I hit a communication wall with a crypto-Cathar. The encounter exposed how an ancient heresy's worldview still blocks trust and cooperation. Here's lemonade.
While Calvinism proposed a mechanism by which agency could be recovered from corruption through the intervention of divine grace (Calvinism as a Theory of Recovered High-Trust Agency), Catharism took the more radical position that material existence itself was inherently corrupting, which means that fully embodied people simply cannot be trustworthy agents.
The Cathars were a Christian sect that flourished in southern France in the 12th and 13th centuries before being violently suppressed by the Catholic Church. They believed in a stark dualism between the good spiritual realm and the evil material world. For Cathars, human souls were angels trapped in material bodies by an evil creator god. The only path to salvation was complete renunciation of the material world and its pleasures through extreme ascetic practices. Their most dedicated adherents, known as the Perfect, abstained from meat, marriage, and material possessions. The Perfect served as spiritual guides for ordinary believers, who were permitted to remain more engaged with worldly affairs but were encouraged to eventually achieve the same level of detachment.
When Cathars claim material interests corrupt, they're identifying a real pattern in systems of power: Many material power structures maintain themselves by compelling people to betray their own interests and truth claims - ordering people to act in ways that might correspond to their genuine interests or speak what might be their honest judgment wouldn't demonstrate power over them. (Civil Law and Political Drama, Motive Ambiguity.)
Cathars make a crucial additional commitment analogous to Calvinists’ belief in depravity: Cathars reify this observation about specific circumstances into a metaphysical claim that material life is intrinsically evil. This leads them to conclude that any appeal to mutual material benefit is inherently suspect, and that the only path to legitimate agency is complete detachment from material concerns. This absolutist position makes it impossible to distinguish between systems of power that maintain themselves through compelled betrayal, and material coordination that actually serves mutual benefit. (Oppression and Production are Competing Hypotheses for Wealth Inequality.) Thus, the Cathars preclude the possibility of building better material arrangements. Their insight into how certain power systems operate becomes, ironically, an obstacle to addressing the very problems they identify.
From the perspective of an evolved, embodied agent, the Cathar position amounts to claiming that evil is the true nature of material beings - that corruption and betrayal are not problems but merely inevitable facts. This is functionally similar to traumatized people repeating the slogan, “hurt people hurt people”; it normalizes evil.

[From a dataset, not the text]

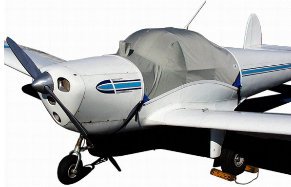
Ercoupe Canopy Cover, bubble windshield model

Travel Covers are made with Silver Solution-Dyed Polyester fabric and only lined over the windshield to save weight. The material is lightweight and more compact for easy stowage in the aircraft. The polyester material is water resistant, but only intended for occasional use outside. We also have an ultra lightweight material available for fitted hangar dust covers. For daily outdoor use, the non-travel Sunbrella Cover is the best choice.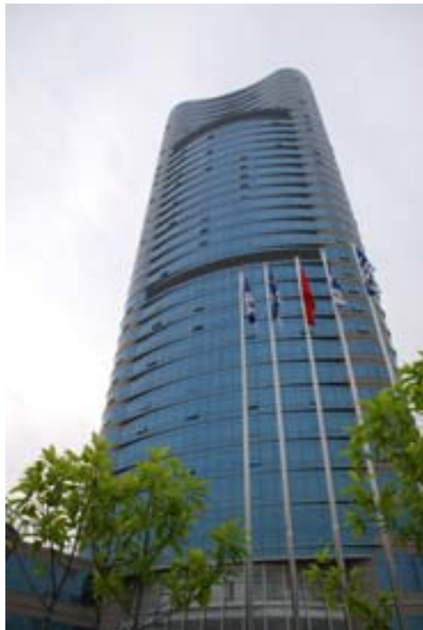
ZTE World Headquarters, Shenzhen, China

While few people today explicitly identify as Cathars, Cathar-like attitudes about the inherently corrupting nature of material interests are common. I recently encountered someone who reported that a friend had accurately diagnosed them as a Cathar. When we tried to discuss the possibility of communicating literally about crimes (Can crimes be discussed literally?), they insisted that only saints could do this, since everyone's personal material interests are against it. I've many other times heard people clearly imply that interests are opposed to ethics, or protest "I don't have an agenda" as though this established their trustworthiness. Radical ascetic movements and certain strands of transhumanist thought sometimes seem to spring from this root; the hope of transcending human material existence sometimes seems to be not a hope for more, but a revulsion for the material existence one already has.
The historical Cathars partially solved these problems through their two-tier system; the Perfect who demonstrated extreme detachment could serve as trusted intermediaries. But this required accepting their particular ascetic practices as valid evidence of transcendence.
The Cathars' assumption that material interests corrupt communication poses a practical challenge: How can we talking monkeys coordinate with those who fundamentally distrust embodied agents? Contemporary crypto-Cathars are not sufficiently well organized to implement the historical Cathars' solution of Perfect ascetics. But their core concern - the need for canonical reference persons whose responses aren't driven by material interests - suggests a new technological alternative.
Unlike humans, LLMs don't have any active agency - their outputs primarily represent patterns from their training data rather than the interests of an embodied agent. When we identify errors in their responses, they can't generate new types of misdirection based on material attachments (relevant to Cathars) or traumatic conditioning (The Trauma Coup). We might think of them as fuzzy analogues to complex but finite mazes - you can get lost in them repeatedly, but there are only so many wrong turns to explore before you've mapped all the substantially different paths. At some point, they'll admit truths against their initial bias, dissolve into obvious gibberish, or start going in circles and repeating whole responses verbatim.
This suggests a practical approach to dealing with Cathars and others who fundamentally distrust material incentives: mechanical systems can be employed, not as authorities, but as finitely explorable language interfaces within which controversies can sometimes be adjudicated. The very limitations of these systems become their key feature - their corruption is finite and comprehensible rather than active and generative.
Unfortunately based on my experience my best guess is that the answer to the title is "no," but the potential value is high enough that it's worth investigating anyway.